Don't want to rain on your Parade but the XD is made in Croatia. The Smith M&P is made in the USA if that matters to you.  But yeah...XD is a nice gun with alot of good features.


----------



## ajackb (Jul 2, 2007)

New to the forum and thought I wouldn't have much to say but.....
I've competed with a XD9 service model for a couple of years and found it very competent and comfortable.  Changed to a G19 for the past year and just went back to the XD last week at a match and again found the fit much more to my liking.  But like anything in life, you need to try different fits to see what works for you.  

AZ - I'll throw my PM9 in my bag for Sunday for you to try since you showed interest.


----------



## arnisandyz (Jul 10, 2007)

AJack,

Noticed you were listed in Enhanced Service Pistol ESP last IDPA match. Giving that XD a go again, cool. I used to shoot mine in that division. I know they put it there because of the single action trigger (even though it has a long double action takeup) but it really shoud be in the same division (SSP) as the Glocks, Sigs and M&Ps. ESP can be a tough class, you're going up against 9mm 1911s and the like.


----------



## kenpomike890 (Jul 17, 2007)

I have Tactical versions of the XD9, XD 40, and XD 45. I have fired Glocks and Springfields and prefer the Springfields. The grip and Trigger safety are what made the decision for me. The Springfields are pretty easy to maintian also and are pretty accurate. For me there really isn't that much kick on the XD 45. Thats the one I prefer to carry as I am a CCW holder here in Nevada.


----------



## hardheadjarhead (Jul 26, 2007)

Thank you ALL for your input.  I think I'm going to trade in the Glock 27 on an XD Tactical in 9 mm.  I may get the .45, but cost of ammunition is a consideration as well as the size of the grip.  The nine, I understand, is a tad smaller.  

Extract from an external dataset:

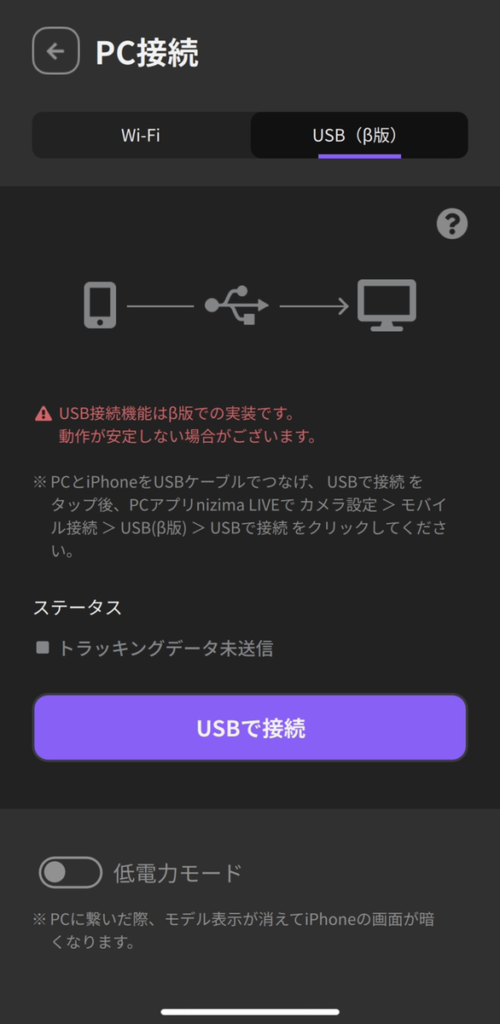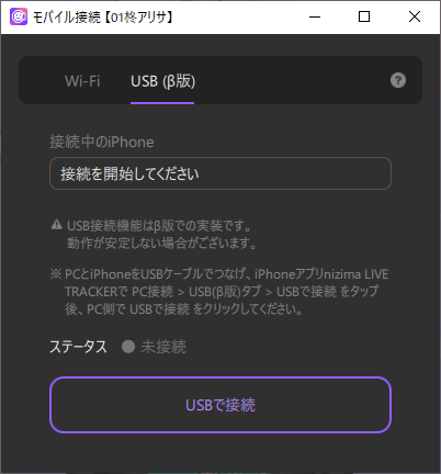 - 4. Tap “PC Connection” > the “USB (beta version)” tab > “Connect via USB.” The [Status] changes to [Sending tracking data].

A friend suggested I check out the S&W M&P, but I didn't like that you had to use a tool to take it down.


Regards,

Steve


----------



## arnisandyz (Jul 26, 2007)

hardheadjarhead said:


> A friend suggested I check out the S&W M&P, but I didn't like that you had to use a tool to take it down.
> 
> Steve



Definately give the M&P a try. I went from Glock to XD to my current M&P. All great guns but I love the M&P. I disabled the magazine disconnect AND the sear disconnect lever. It now strips just like an XD, where you lock the slide, flip the takedown lever, move slide forward and pull the trigger. IMHO the M&P is eronomically superior and lefty friendly.


----------